We performed a second type of analysis, adapted from previous studies of financial decision-making (Kuhnen and Knutson, 2005; Knutson et al., 2007), in which BOLD reactivity in one or more regions was used to predict behavioral ratings, rather than the reverse. Specifically, we obtained trialwise estimates of BOLD activity in our a priori ROIs and included these estimates in within-subject regressions predicting behavioral ratings, as well as additional analyses meant to examine changes in interregion correlations (functional connectivity) between conditions. For these analyses, we performed an additional whole-brain GLM that included a separate event regressor after the onset of each trial's judgment period (cf. Rissman et al., 2004) regardless of condition type, as well as a single variable-duration block regressor to model all prejudgment reading periods (as in the previous GLMs). This GLM also included the same regressors of no interest to model means and linear trends for each block. We then extracted averaged trialwise β estimates within each of our ROIs. We normalized (_z_-scored) these values within subject. To reduce the influence of outliers, we also Winsorized these β estimates at 3 SDs (i.e., the maximum absolute _z_-score was set to 3). We performed the following within-subject regressions, pooling regression coefficients to then obtain group-level statistics (as with our whole-brain GLMs).

We regressed behavioral ratings in the EA and IMJ conditions on RT and β estimates from amygdala and vmPFC. Primary analyses used amygdala β estimates from a bilateral ROI, but secondary analyses are included to describe differences when the ROI is left or right lateralized. These analyses use one-sided t tests when testing directional predictions generated by our theoretical model and tested accordingly by our whole-brain GLM contrasts. We also regressed vmPFC reactivity (β estimates) on RT, behavioral rating, condition (conditionwise regressors constructed as in whole-brain GLM 1), amygdala reactivity, and the interaction between condition and amygdala reactivity. This analysis is structurally similar to a psychophysiological interaction analysis (cf.

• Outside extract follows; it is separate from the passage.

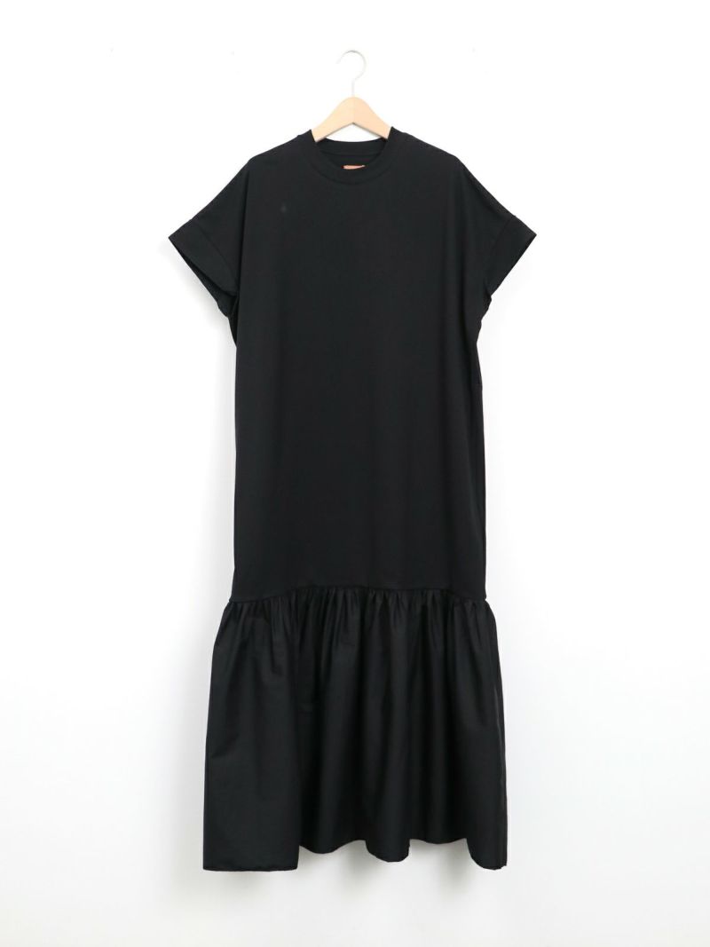 身頃はやや光沢感がある滑らかな肌触りのカットソー生地を使用し、裾のフレア部分はブラウス生地を使用。素材の違う生地がドッキングした1枚で着映えするワンピースです。

Gitelman et al., 2003; see also Rissman et al., 2004). It allowed us to compare changes in interregion correlation (functional connectivity) depending on condition.

Note that the whole-brain GLMs and the regressions described in the previous paragraph are complementary in at least two ways. First, they test predictions in opposite directions (predicting behavioral ratings from the activity of multiple brain regions versus the reverse). Second, whereas the latter regressions rely on signal averaged over an ROI, the whole-brain GLMs allow us to identify significant clusters within the same ROIs without requiring that the average signal across all voxels in the ROI be significantly modulated for a given contrast.

Results

Behavioral results

As expected, in the UA condition (“Which [option] do you think will produce better results?”) subjects consistently rated the utilitarian option as producing better results (MUA = 0.91, SDUA = 0.38; scale ranging from −1.5 to 1.5 with ratings at the positive end of the scale favoring the utilitarian option). Here, ratings typically varied within the upper end of the scale, distinguishing between options perceived as moderately versus highly utilitarian. In the EA condition (“Which [option] do you feel worse about doing?”) and in the IMJ condition (“Which [option] do you find more morally acceptable?”), subjects tended to use the entire scale, with mean ratings near the middle of the scale (MEA = 0.01, SDEA = 0.46; MIMJ = 0.06, SDIMJ = 0.51). UA responses were significantly faster than IMJ responses (MUA = 4.1 s, MIMJ = 4.5 s; F(1,65.2) = 6.82, p < 0.02), which were in turn significantly faster than EA responses (MEA = 5.1 s; F(1,66.0) = 20.5, p < 10−4; UA vs EA_: F_(1,65.9) = 50.9, p < 10−9).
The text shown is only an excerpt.